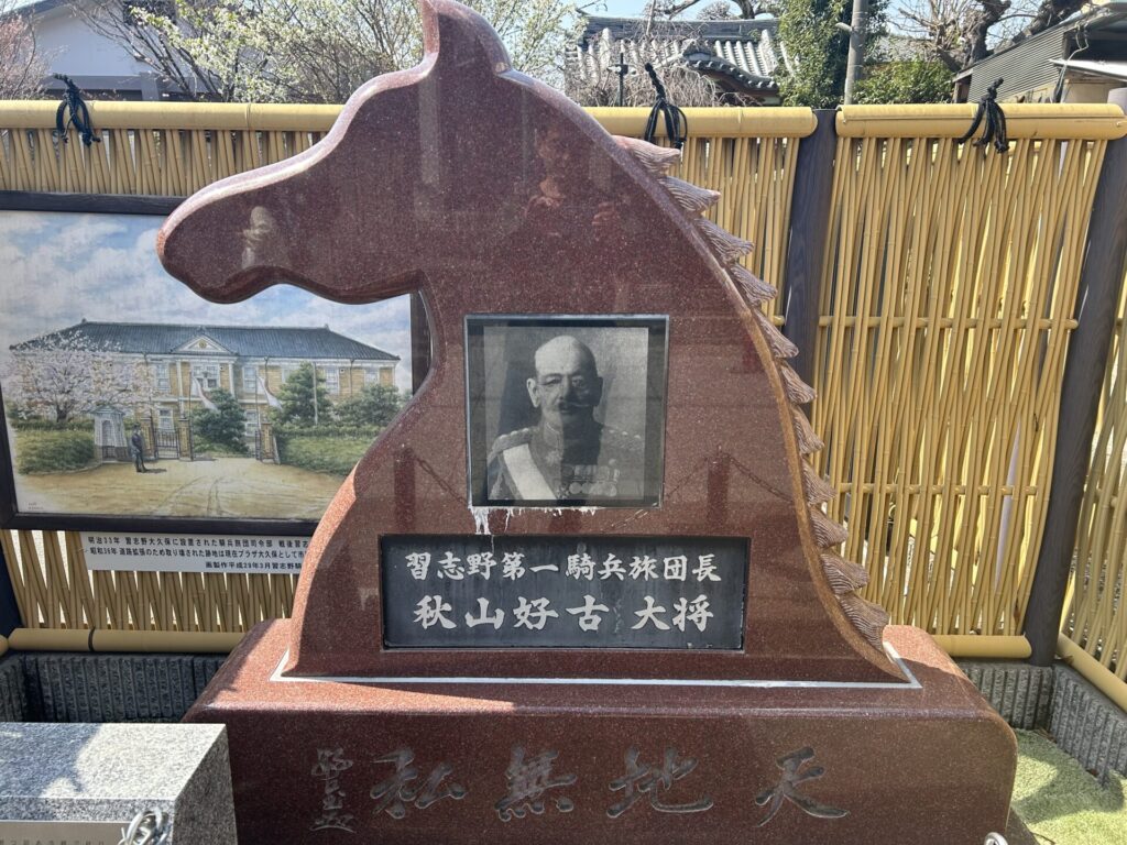ハミングロードの公務員宿舎周辺から京成大久保駅へ向かう途中、坂の上の雲の主人公となった、秋山 好古さんの石碑や、習志野市大久保の八幡公園にある騎兵連隊・旅団司令部跡などを見学しました。歴史ある街ですからね。 習志野市内の史跡巡りの散歩もいいですね。
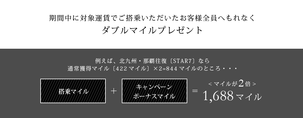 2.北九州ー那覇(沖縄)線を往復でご搭乗のお客様にダブルマイルをプレゼントいたします
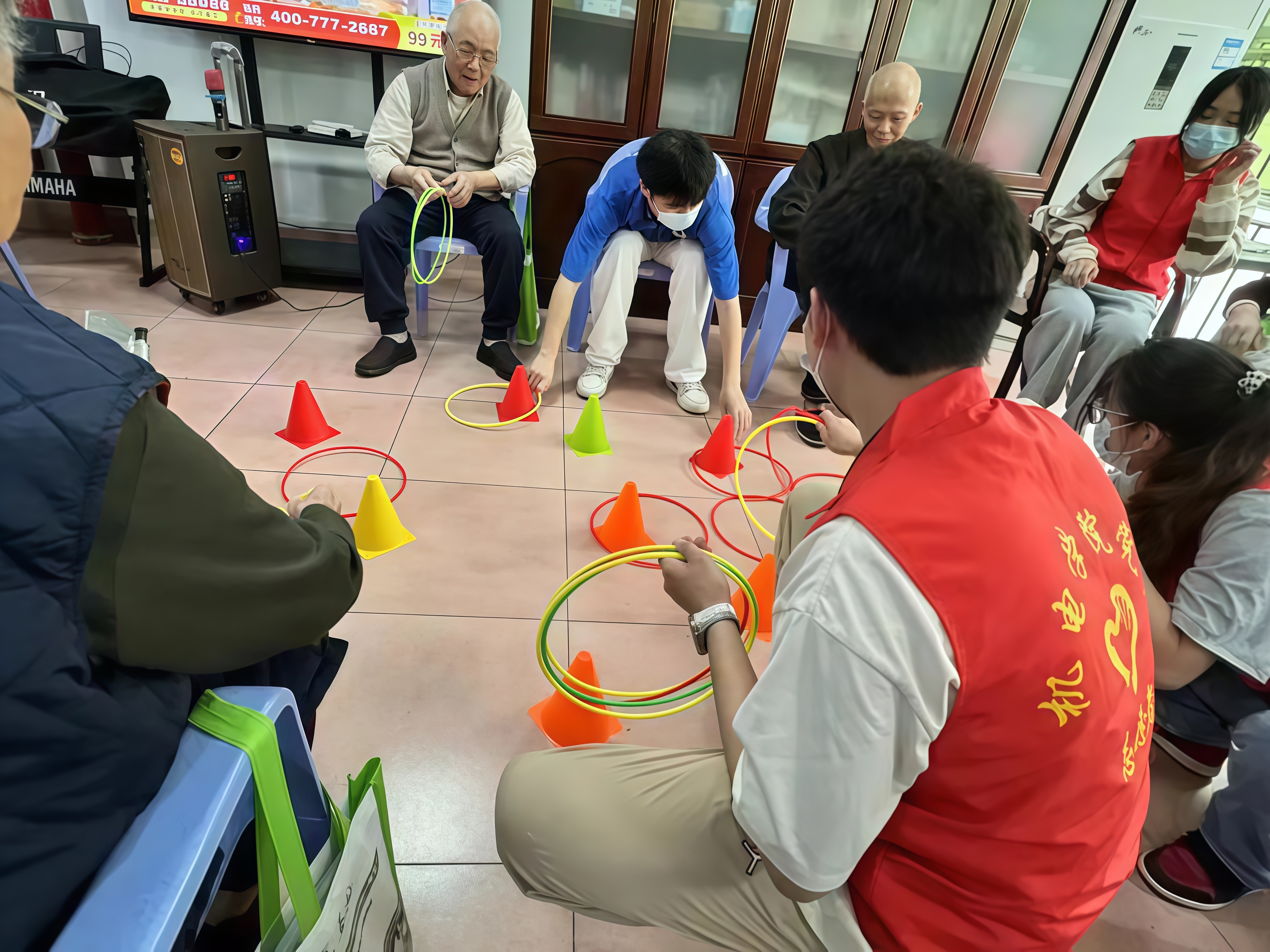 本次活动,我们手把手教长者们套圈,将锥体放在地上,让长者们投出圆圈,并套住地上的锥体。在志愿者们的带领和鼓励下,长者们一次又一次的投出圆圈,套中锥体。每当套中时,我们都能在长者们的脸上看到笑容,听到他们的笑声。
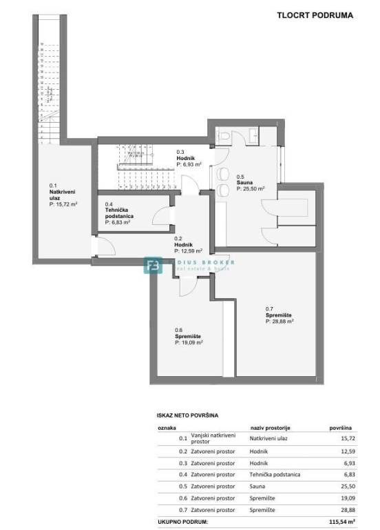 BASEMENT: covered entrance, technical room, corridor, sauna, wine cellar, two storage rooms
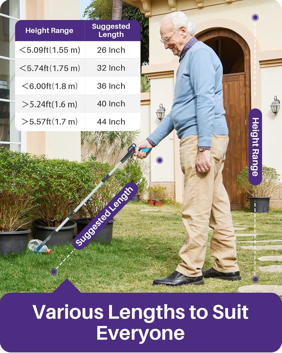 - 40” Foldable Design for Multi-Scene Reach: Reach further, store smarter! At 40 inches, this trash grabber tool tackles attic boxes, deep closets, or outdoor trash—then folds flat for car trunks or tight pantries. Reinforced hinges survive rugged use, unlike fragile folding competitors. Hunters and parents rave: ‘It’s the picker upper grabber for elderly-friendly length without the weak joints!
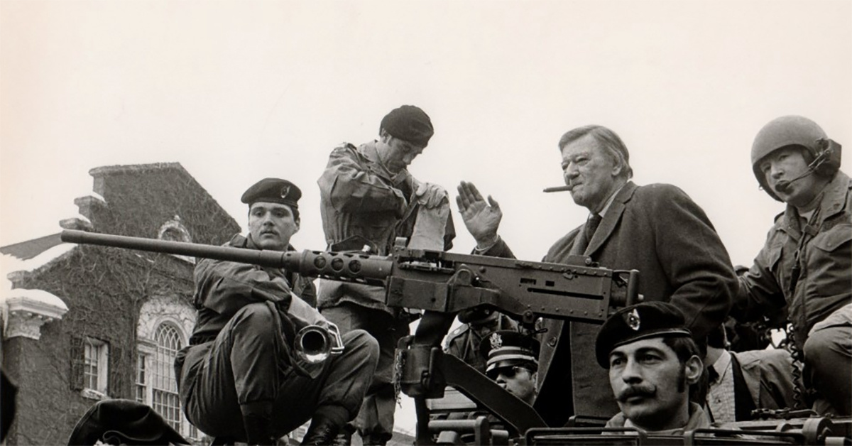 Today, John Wayne and Harvard doesn’t seem like a controversial mixture. In 1974, however, the students at Harvard were very much anti-establishment and John Wayne was a symbol of everything they mistrusted about their country, its history, and its government — especially while the Vietnam War and the draft remained a very recent memory.
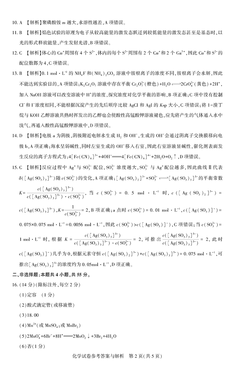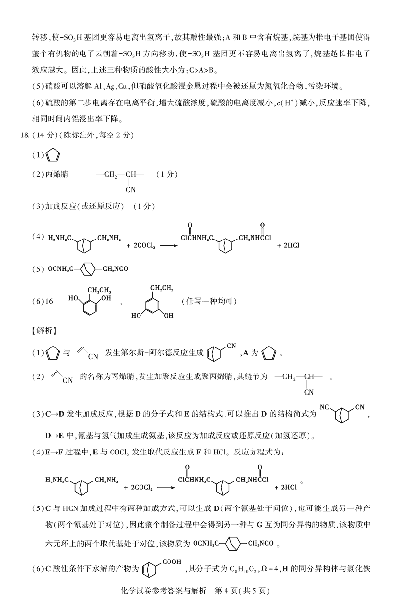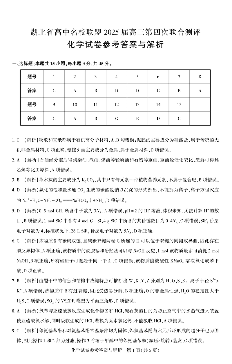 湖北圆创名校联盟2025届高三第四次联合测评化学试题及答案

++++++++++

* _WORK REQUEST_
Begin at the first line of the material and copy each line exactly through the one containing "BASEMENT: covered entrance, technical". Omit pictures.

* _EXERCISE ANSWER_
ハミングロードの公務員宿舎周辺から京成大久保駅へ向かう途中、坂の上の雲の主人公となった、秋山 好古さんの石碑や、習志野市大久保の八幡公園にある騎兵連隊・旅団司令部跡などを見学しました。歴史ある街ですからね。 習志野市内の史跡巡りの散歩もいいですね。
 2.北九州ー那覇(沖縄)線を往復でご搭乗のお客様にダブルマイルをプレゼントいたします
 本次活动,我们手把手教长者们套圈,将锥体放在地上,让长者们投出圆圈,并套住地上的锥体。在志愿者们的带领和鼓励下,长者们一次又一次的投出圆圈,套中锥体。每当套中时,我们都能在长者们的脸上看到笑容,听到他们的笑声。
 BASEMENT: covered entrance, technical room, corridor, sauna, wine cellar, two storage rooms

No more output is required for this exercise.